I've always had some interest in Krav / Combatives / "Reality Based" arts. The only thing I really don't care for about them, is how *in general* a lot of their practitioners pooh-pooh the value of traditional martial arts (some of which is justified, but they paint with too broad a brush for my taste). When it comes to martial arts, I don't get into the exclusivity, the "my art is better than all others" mentality. Of course I had to deal with that in BJJ as well. I learned from Pat, "all martial arts are the same". ;-)    There's something to be learned from all of them.

I'll continue to study karate, but I'm going to a trial Krav class today, to see how it goes. I'll report back here!




Monday, February 22, 2016

Judo, 2/22/16

Today Mitch and I worked on all yellow belt throws for him. He's getting really good at them, and consistently throws me with hiza. I went through all yellow, orange, and green belt throws. I'm feeling much better at ukigoshi, which used to really frustrate me. I threw some very nice-feeling taiotoshis today too, and practiced transitioning into an armbar on either side, depending on how uke reacted after being thrown.

We spent the last third of our time with vigorous ground randori. Worked up a great sweat!

Tuesday, February 16, 2016

Study Group, 2/16/16

Judo:
Today Mitch worked exclusively on his yellow belt throws (osoto, deashi, kosoto, and hiza). We were both really getting some good hiza gurumas today! I worked on all of those, plus all orange (ukigoshi, seoinage, sasae, and koshiguruma) and green belt (kouchi, ouchi, ogoshi, and taiotoshi) throws. That was a lot of throwing, so it was mainly a review, spending more time on the ones that felt wonky. Probably the wonkiest one for me today was ouchi, for some reason. Sometimes I nailed it, other times, it was a miserable failure, haha.

BJJ:
Today we actually went through lesson 1 (all 4 "slices") of the Gracie Combatives curriculum. We did the standard Trap and Roll, punch block variation, headlock variation, and open guard pass. Mitch hasn't seen the videos yet, but he will watch them before the next time we practice. Then we'll ad the Reflex Development Drill to the end of it.

Thursday, February 11, 2016

Judo Study Group, 2/11/16

Sorry in advance for the short update today; super busy!  We reviewed all yellow belt throws again, and went over all orange belt throws. I tried a few reps or okuriashibarai, but I'm gonna need a lot more practice with that one!

Wednesday, February 10, 2016

Judo Study Group, 2/10/16

We went through all yellow belt throws today, as well as ippon seoinage and sasae tsurikomi ashi.  Everything felt really good. We practiced kosotogari from a failed deashi, the way Pat originally taught it to me, and I think I have better success with it that way.
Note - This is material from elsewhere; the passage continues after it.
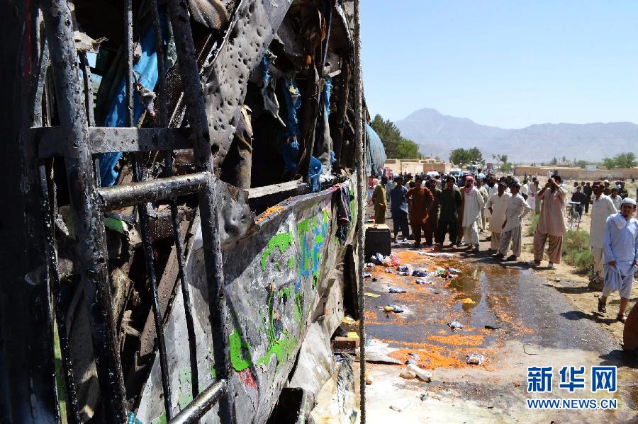 6月11日,在巴基斯坦西南部俾路支省默斯東地區(qū)的爆炸現(xiàn)場,當?shù)厝藝^被毀車輛。據(jù)巴基斯坦媒體11日報道,一輛客車當天上午在巴基斯坦西南部俾路支省遭炸彈襲擊,造成至少6人死亡,40多人受傷。 新華社發(fā)(穆罕默德攝)

We ended the class with light, standing randori. It was fun, and I got a very slick kibisu geashi. 

Monday, February 1, 2016

Judo Study Group, 2/1/16

Today we went through all yellow belt throws, sasae tsurikomi ashi, seoinage, koshiguruma, ogoshi, and ukigoshi.

Polished it off with light standing-to-ground randori.

Thursday, January 28, 2016

Study Group, 1/28/16

Judo:
We got LOTS of reps of the yellow belt throws (osoto, deashi, kosoto, and hiza). Then we worked on sasae tsurikomi ashi for a good while. This is one I have limited experience with, but I felt like it was going ok! We ended with 10 reps each of ippon seoinage.


BJJ:
Nothing but live rolling today. Oh, I also showed Mitch how to do an arm triangle choke.